You went to see Kerry Packer initially for a job in the media and instead came came away with an offer to captain a World X1 in World series Cricket

I went to see Kerry for an off-season association with a media organisation and unbeknown to me, he had become fed up with Cricket Australia and was trying to get cricket rights. He had realised how important cricket was, it was rating very well in all parts of the world – and I was then exposed to World Series cricket and had a very difficult decision to make at the age of 32.

When you accepted, was it a case of you looking after yourself, or genuinely believing that World Series cricket would make the average cricketer better?

In the first instance it was me looking after myself, my family and my future. It is common knowledge that we were paid very little and you really did have to have another job to go to. I wasn’t very big on the benefit system they had in England – but you had little option but to resort to it. So number one, yes it was me, looking after what I had to do next. I was 32, I had two children and was worrying about what I was going to do for the next half of my working life. So form that point of view, you then go about trying to justify what you have done, and I was absolutely sure that if we got paid more, then the rest would follow. There were plenty of first-class cricketers who didn’t believe that. Plenty of Test cricketers did believe it and that happened very quickly – the way went from £210 in 1977 to £1500 and then it happened for everyone else. Looking back, I think that our critics, Bloefield, even Parky – who has since apologised to me – and many others, who were very very cricitcal of what we were doing – who probably now look back and say we got that wrong.

Were you ever worried you had made the wrong decision?

At the time when the heat was one, I really did wonder if it was really worth all the hassle, whether it was worth stretching the friendships of those people who had  been very good to me: guys like Alec  Bedser, E W Swanton who was good to me a youngster. There were quite a lot of people I didn’t enjoy getting offside. It would have been easier to have done the normal thing and had a benefit and hoped things worked out in the long term.

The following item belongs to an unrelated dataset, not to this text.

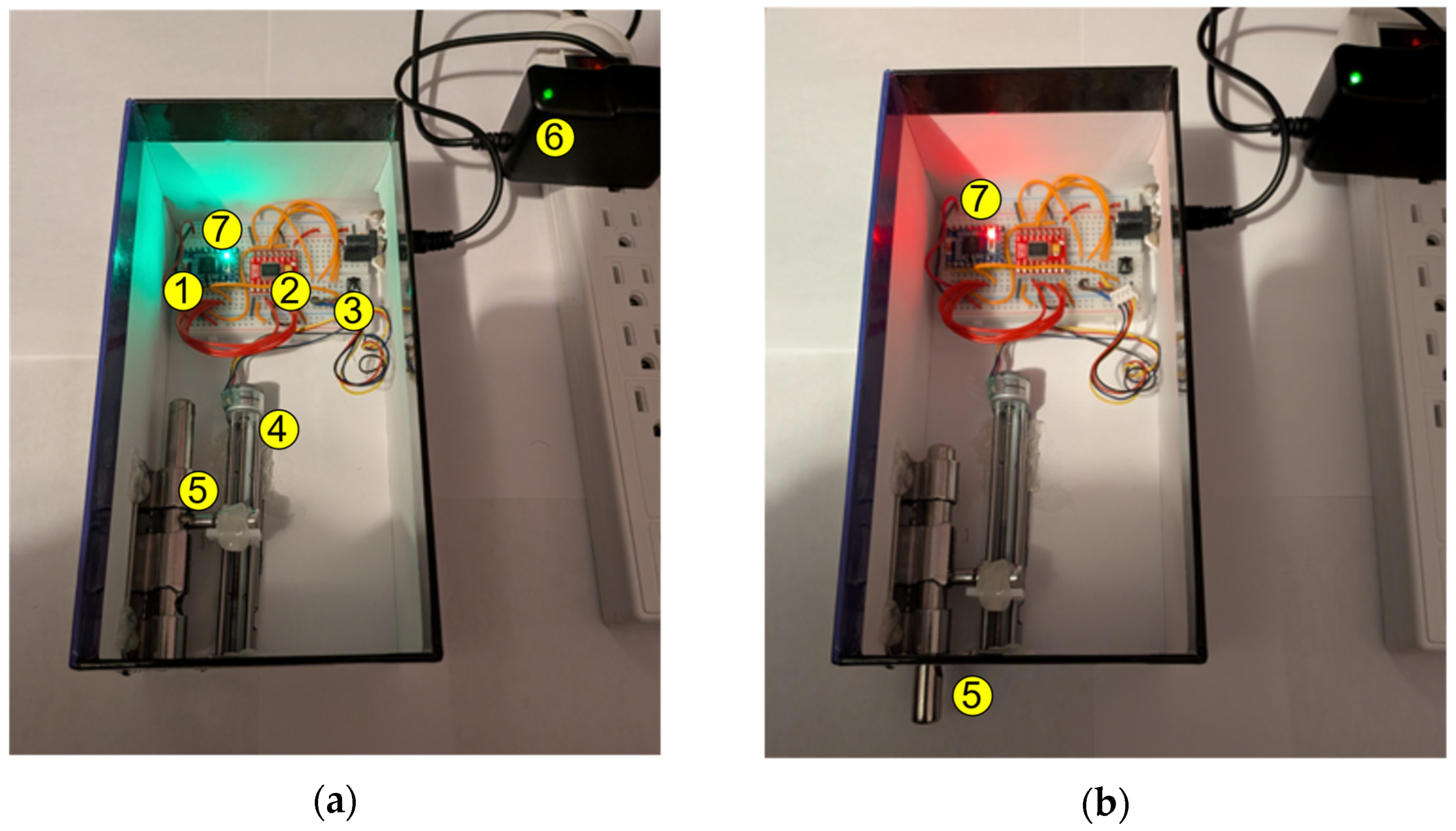 - Chinnasamy, P.; Subramanian, A.; Nithish Selvam, R.; Kabilash, K.N.; Ibrahim, S.N.M.; Swetha, D.Y. GUARDTRACK: RFID and Wi-Fi based Smart Entry System. In 2025 5th International Conference on Trends in Material Science and Inventive Materials (ICTMIM), Kanyakumari, India; IEEE: New York, NY, USA, 2025; pp. 667–672. [Google Scholar]

My dad said to me very early on, always look over your shoulder, and the problem was that there have been a lot of England captains who thought they were going to be England captain for a long time, and they weren’t. That was always in the back of my mind, from the day I got the job. Take the grovel statement, that could have even gone against me.

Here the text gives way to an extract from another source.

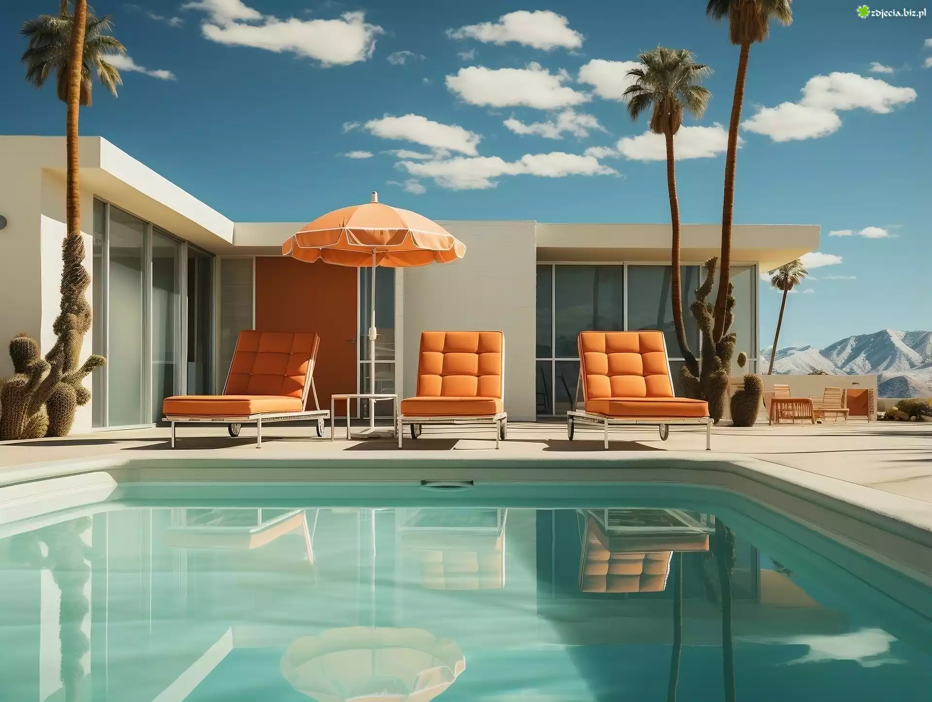 Zdjęcie, Basen, Leżaki, Palmy, Dom, 2D

You were banned at the start of the 1978 season for writing an article in the Sydney Morning Herald, you'd been through the court case and then there was the incident involving your daughter Samantha where she wasn't invited to a birthday party because of who you were. Those few months were the turning point

With the Boycott thing, I was just responding to Boycott. At the time I felt if ever there was mercenary then it was him – so I just responded to that. But in my contract, in the fine print, Everything had to be cleared through the Sussex office and the ICC, so they took pleasure in nailing me and I had to play in the second XI and for Brighton & Hove for a while. The pressure was on at that stage. The court case came and I didn’t enjoy that – I had never been in a courtroom before – and I didn’t like seeing Robert Alexander and Andrew Merret do to the establishment in England what they did, because basically they just buried them. The English establishment got thenings very wrong, they had no chance of winning and wasted a lot of money.
Then there was an incident with my little girl, and once it started affected my family, I got on the phone to Kerry Packer and said it’s about time I came and worked for you.